Juicy grilled chicken paired with classic Greek salad for a vibrant, high-protein, gluten-free summer meal.
# What You Need:
→ Grilled Chicken
01 - 2 large boneless, skinless chicken breasts (approximately 1.1 pounds)
02 - 2 tablespoons olive oil
03 - 1 tablespoon lemon juice
04 - 2 garlic cloves, minced
05 - 1 teaspoon dried oregano
06 - 1/2 teaspoon kosher salt
07 - 1/4 teaspoon freshly ground black pepper
→ Greek Salad
08 - 4 cups Romaine lettuce, chopped
09 - 2 cups cherry tomatoes, halved
10 - 1 large cucumber, diced
11 - 1/2 small red onion, thinly sliced
12 - 1 cup Kalamata olives, pitted and halved
13 - 1 cup feta cheese, crumbled
→ Dressing
14 - 3 tablespoons extra virgin olive oil
15 - 2 tablespoons red wine vinegar
16 - 1 tablespoon lemon juice
17 - 1 teaspoon dried oregano
18 - 1/2 teaspoon kosher salt
19 - 1/4 teaspoon freshly ground black pepper
# Directions:
01 - Combine olive oil, lemon juice, minced garlic, dried oregano, salt, and black pepper in a mixing bowl. Add chicken breasts and coat thoroughly with marinade. Allow to marinate for at least 15 minutes or up to 2 hours in the refrigerator.

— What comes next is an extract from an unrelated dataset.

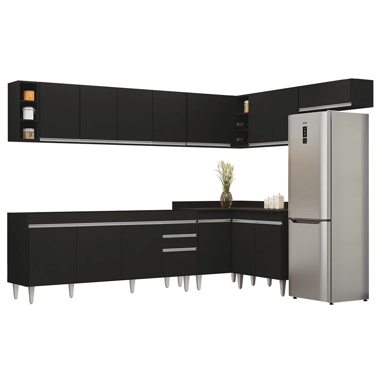 Renove a sua cozinha com o Armário de Cozinha Modulado de Canto 8 Peças CP25 Balcão sem Tampo Preto, da Lumil, você terá tudo o que precisa ao seu alcance. Composto por 8 peças inteligentemente projetadas, esse armário modulado oferece uma distribuição interna perfeita para organizar todos os seus utensílios.

02 - Preheat grill or grill pan to medium-high heat. Grill chicken for 6 to 7 minutes per side until fully cooked and juices run clear. Remove from grill and let rest for 5 minutes before slicing thinly.
03 - In a large bowl, combine chopped Romaine lettuce, halved cherry tomatoes, diced cucumber, thinly sliced red onion, Kalamata olives, and crumbled feta cheese.
04 - Whisk together extra virgin olive oil, red wine vinegar, lemon juice, dried oregano, salt, and black pepper in a small bowl until emulsified.
05 - Drizzle the dressing over the salad ingredients. Toss gently to ensure even coating.
06 - Divide salad mixture into four bowls. Place sliced grilled chicken atop each bowl. Serve immediately.